Grand Slam singles results
- Australian Open: SF (2001)
- French Open: SF (1997)
- Wimbledon: F (2000, 2001)
- US Open: W (1997, 1998)

Other tournaments
- Tour Finals: RR (1997, 2001)
- Grand Slam Cup: F (1997)
- Olympic Games: 2R (2000)

Doubles
- Career record: 214–111 (65.8%)
- Career titles: 10
- Highest ranking: No. 6 (1 February 1999)

Grand Slam doubles results
- Australian Open: W (1999)
- French Open: SF (1998)
- Wimbledon: SF (1996, 1998)
- US Open: SF (1996)

= Pat Rafter =

Australian tennis player (born 1972)

Patrick Michael Rafter (born 28 December 1972) is an Australian former professional tennis player. He was ranked as the world No. 1 in men's singles by the Association of Tennis Professionals (ATP) in 1999, and world No. 6 in doubles. Rafter won eleven ATP Tour-level singles titles, including two majors at the 1997 and 1998 US Opens, as well as two Masters titles. He was also the runner-up at Wimbledon in 2000 and 2001. In doubles, Rafter won ten titles, including a major at the 1999 Australian Open partnering Jonas Björkman, and two Masters titles.

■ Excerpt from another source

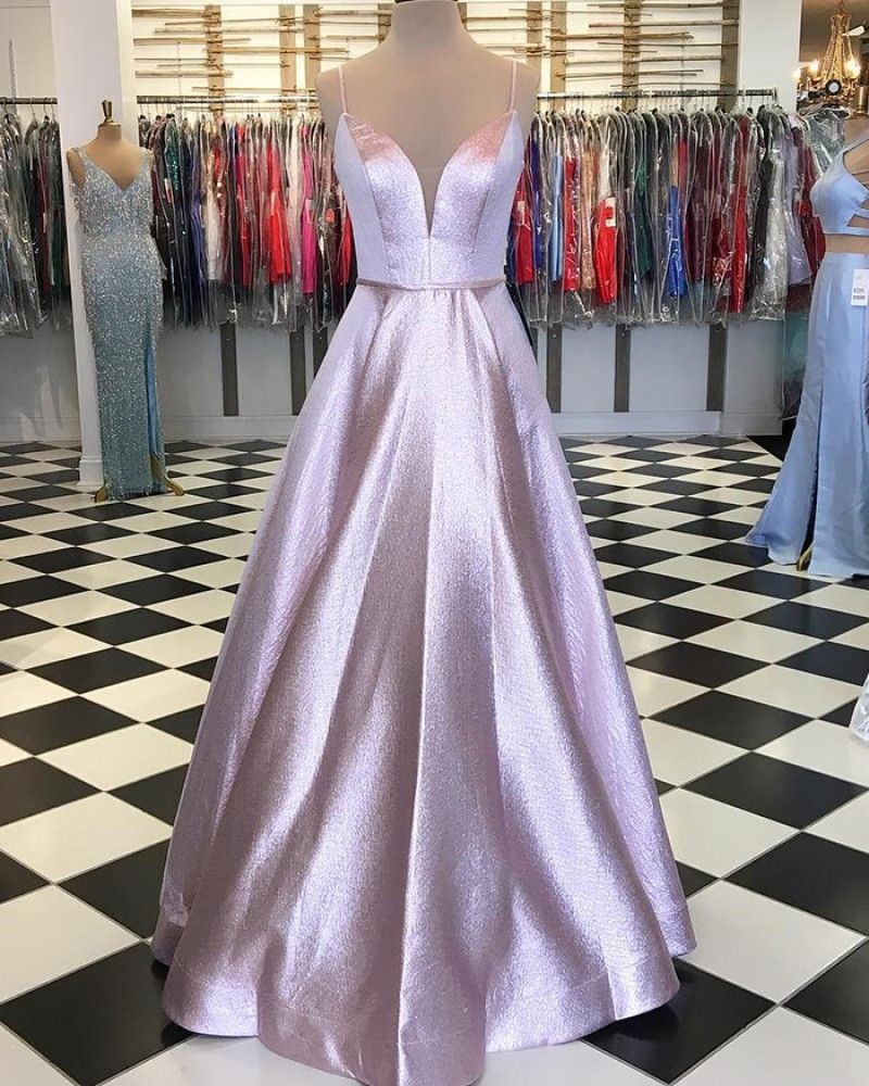SSR479,spaghetti-straps v-neck pink sleeveless satin long evening dresses

Rafter became the first man in the Open Era to win the Canada Masters, Cincinnati Masters and the US Open in the same year, a feat repeated only by Andy Roddick in 2003, and Rafael Nadal in 2013. Rafter is the third man in the Open Era to reach at least the semifinals of every major in both singles and doubles, after Rod Laver and Stefan Edberg, and remains the last man to date to accomplish this.

==Tennis career==
Rafter turned professional in 1991. During the course of his career, he twice won the men's singles title at the US Open and was twice the runner-up at Wimbledon. He was known for his serve-and-volley style of play.

===Early years (1991–1996)===
Rafter won his first tour-level match in 1993, at Wimbledon. He reached the third round, before losing to Andre Agassi. He also reached the semifinals in Indianapolis. He defeated Pete Sampras in the quarterfinals in three tight sets, before losing to Boris Becker in the semifinals. Rafter finished 1993 with a ranking of 66.

Rafter won his first career singles title in 1994 in Manchester. Prior to 1997, this was the only ATP singles title he had won.

===Breakthrough and stardom (1997–1999)===
Rafter's breakthrough came in 1997. At that year's French Open, he reached the semifinals, falling in four sets to two time former champion Sergi Bruguera. Then, he surprised many by winning the US Open, defeating Andriy Medvedev, Magnus Norman, Lionel Roux, Andre Agassi, Magnus Larsson, and Michael Chang before beating Greg Rusedski in a four-set final; he was the first non-American to win the title since Stefan Edberg in 1992. This was his first Grand Slam title, and catapulted him ahead of Chang to finish the year ranked #2 in the world (behind only Pete Sampras). The unexpected nature of his US Open title led many, including Hall-of-famer and four-time US Open champion John McEnroe to criticise Rafter as a "one-slam wonder".

Rafter had a particularly strong year in 1998, winning the Canadian Open and the Cincinnati Masters ─ Andre Agassi (1995), Andy Roddick (2003), and Rafael Nadal (2013) are the only other players to have won both of these tournaments in the same year. Rafter defeated ninth-ranked Richard Krajicek in the Toronto final and second-ranked Pete Sampras in the Cincinnati final. When asked about the difference between himself and Rafter following their titles, Sampras responded, "10 grand slams". He added that a tennis player must come back and win a Grand Slam again in order to be considered great.

Entering the U.S. Open as the defending champion, Rafter reached the final by defeating Hicham Arazi, Hernán Gumy, David Nainkin, Goran Ivanišević and Jonas Björkman before besting Sampras in a five-set semifinal. Rafter then defended his US Open title by defeating fellow Australian Mark Philippoussis in four sets, committing only five unforced errors throughout the match. Altogether, Rafter won six tournaments in 1998, finishing the year No. 4 in the world.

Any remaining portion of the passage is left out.